Day 214: Today's Pick — A Cassio Wooden Gnocchi Board
A grooved beechwood paddle from a third-generation Italian wood shop that turns Sunday-night pasta into a small project.
Today's thing — A Cassio Wooden Gnocchi Board
The good stuff
- ✓Single-task tool that absolutely justifies itself.
- ✓Beech is durable; will outlast you with light care.
- ✓Doubles as a garganelli or cavatelli board with a different roll.
The shrug
- !Genuinely uni-tasker; if you have a small kitchen, decide carefully.
- !Costs more than your first kitchen knife. Maybe.
A gnocchi board is, in some sense, the last kitchen tool you should buy.
You have, presumably, a chef's knife. A pot. A pan. A wooden spoon. A spatula. A microplane. Maybe a stand mixer if you bake. Possibly a food processor. By the time you reach the conclusion that what your kitchen needs is a grooved wooden paddle the size of a paperback book whose only purpose is to texture pieces of soft pasta dough — well, you have either become a person who cares deeply about pasta, or you should, immediately, become one.
I am here to gently push you in the second direction.
The board I want to recommend is from Cassio, an Italian woodworking shop in the Marche region that has been making cucina utensils — pasta boards, mattarelli (rolling pins), gramolini (cavatelli boards), and the gnocchi paddle in question — for three generations. Their boards are made from a single piece of beechwood, hand-grooved on one side, smooth on the other, finished with food-safe oil. The Cassio gnocchi board is about 11 inches long by 4 inches wide, with grooves cut at a precise angle and depth that produce, when you roll a piece of soft potato gnocchi dough across them, the small ridged peaks that catch sauce.
This is the entire point of the gnocchi board: catching sauce.
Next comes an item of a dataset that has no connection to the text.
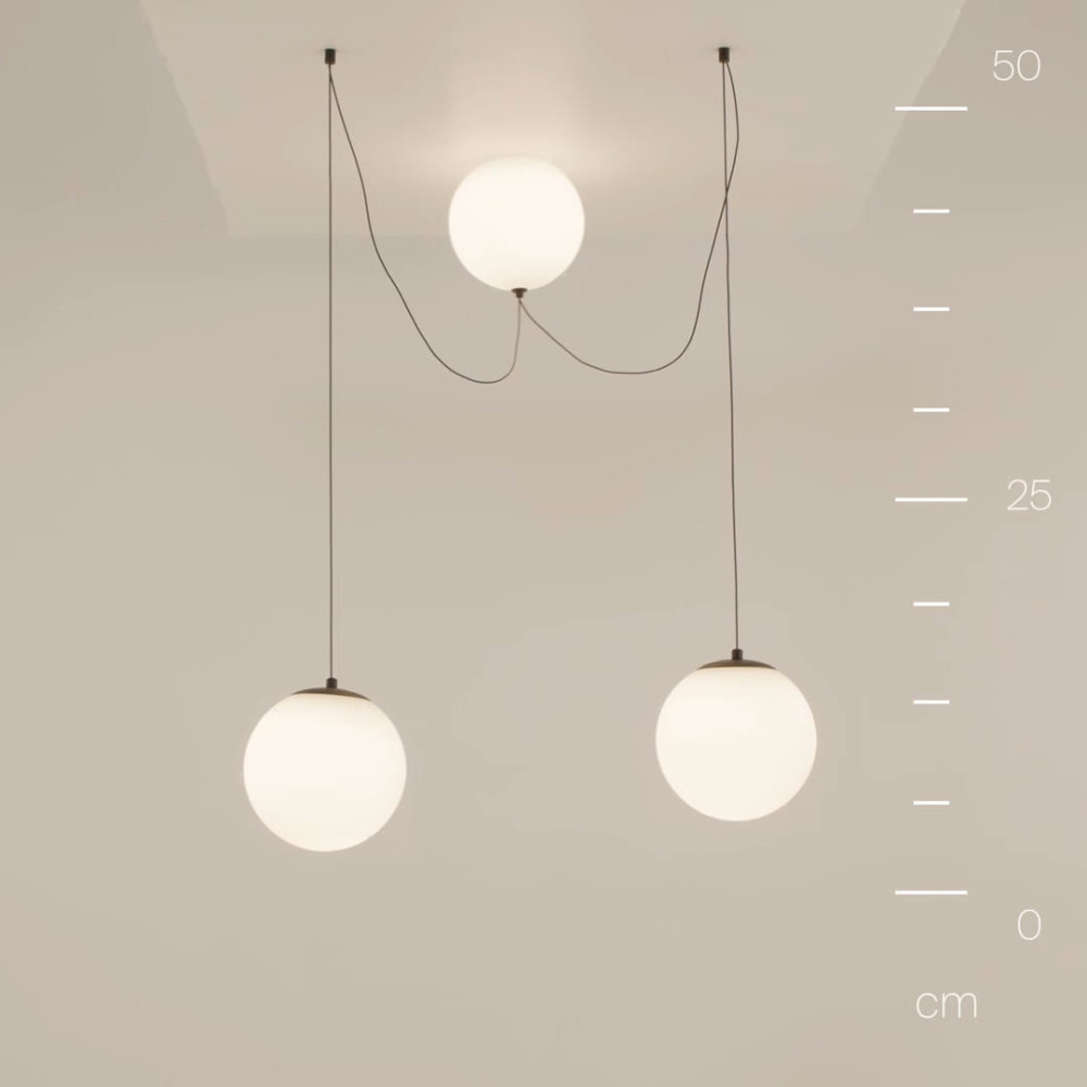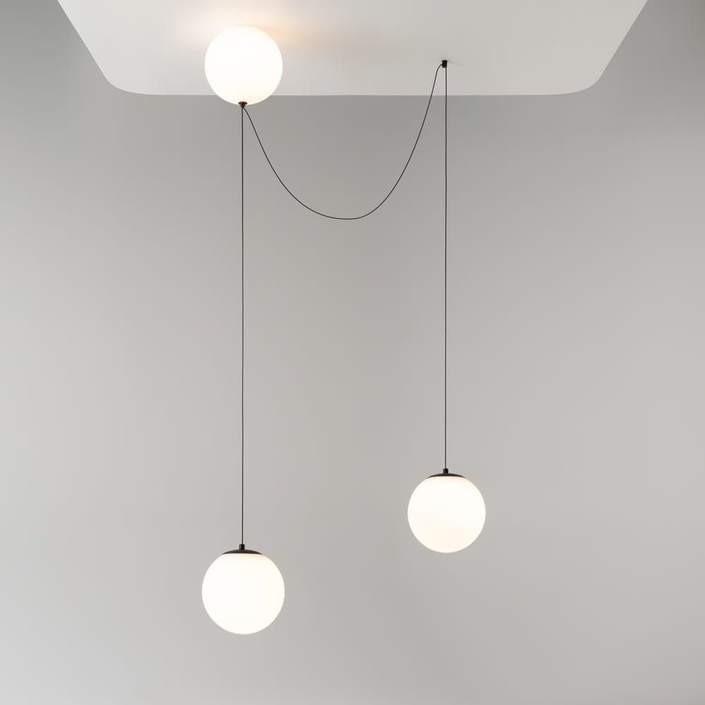 Lámpara colgante/aplique LED formada por dos esferas de cristal opal. 20W, 3000K, 1400lm, CRI90

A standard, smooth, machine-extruded gnocchi has the surface of a smooth pebble. Sauce slides off. The eating experience is bland — your mouth gets pasta, then sauce, then pasta. A hand-rolled gnocchi from a board has small grooves on its surface that catch the sauce, hold a small reservoir of butter or tomato or pesto, and deliver pasta-and-sauce-together in every bite. The improvement is not subtle. The improvement is the thing that distinguishes Italian-restaurant gnocchi from grocery-store gnocchi. The board is the thing.
A short overview of the actual technique, since I owe one.
You make gnocchi dough — boiled and riced potato, flour, egg yolk, salt, light kneading until just smooth. You roll the dough into long ropes, about thumb-thick. You cut the ropes into half-inch pillows. Then, one pillow at a time: place the gnocchi on the upper edge of the grooved board, place a fingertip on the gnocchi, and roll it down the board with steady firm pressure. The dough catches on the grooves and, in a single fluid motion, the gnocchi rolls into a small ridged cylinder, with a soft thumbprint indent on one side from your finger. It looks, after a few practice rolls, like a small ridged seashell.
It takes about 25 minutes to roll a pound of gnocchi this way, which feeds four people generously, and there is no other practical method that produces the same texture. A fork-tine technique is a workable approximation but the grooves are coarser. A smooth gnocchi is, as I have said, sauce-resistant. The grooved board is the move.
A few practical notes. Cassio is not the only good board on the market — the Italian gnocchi-board scene includes Eppicotispai, Fante's Kitchen Shop's house brand, and a small handful of artisanal boards on Etsy that are quite lovely. Pricing across all of these falls in the $20–$45 range. Avoid plastic gnocchi boards; the grooves are too shallow, the gnocchi sticks, and the texture comes out flattened.
Care: dust the board with semolina (not all-purpose flour) before each use; semolina is coarser, doesn't gum up, and falls cleanly off the board into the trash after. Wipe the board clean after use with a slightly damp cloth, then dry. Do not put a wooden gnocchi board in the dishwasher (obvious, but stated for the record). Once a year, a light rub of food-grade mineral oil on the smooth side keeps the wood from cracking.
A note on the rest of the family. The same Italian woodworking shops generally produce a cavatelli board (smaller grooves, used for cavatelli pasta), a garganelli dowel (a thin wooden cylinder you press a square of pasta around to form a quill), and a malloreddus board (used for the Sardinian shell pasta). If you fall in love with the gnocchi technique, the same skills extend across most hand-shaped Italian pastas, and the boards are similarly inexpensive. A small drawer of pasta-shaping tools, in this house, has produced more guest-impressing dinners than any other purchase I've made.
This has been Day 214. The pick is wood with grooves. Make gnocchi.
Reader reactions
(3)My nonna's board is 60 years old. Mine will probably outlive me. Worth every penny.
The board is a teaching tool too. My five-year-old now makes gnocchi shapes correctly. Bonkers.
Tip: dust the board with semolina, NOT flour. Gnocchi will release. Flour will glue.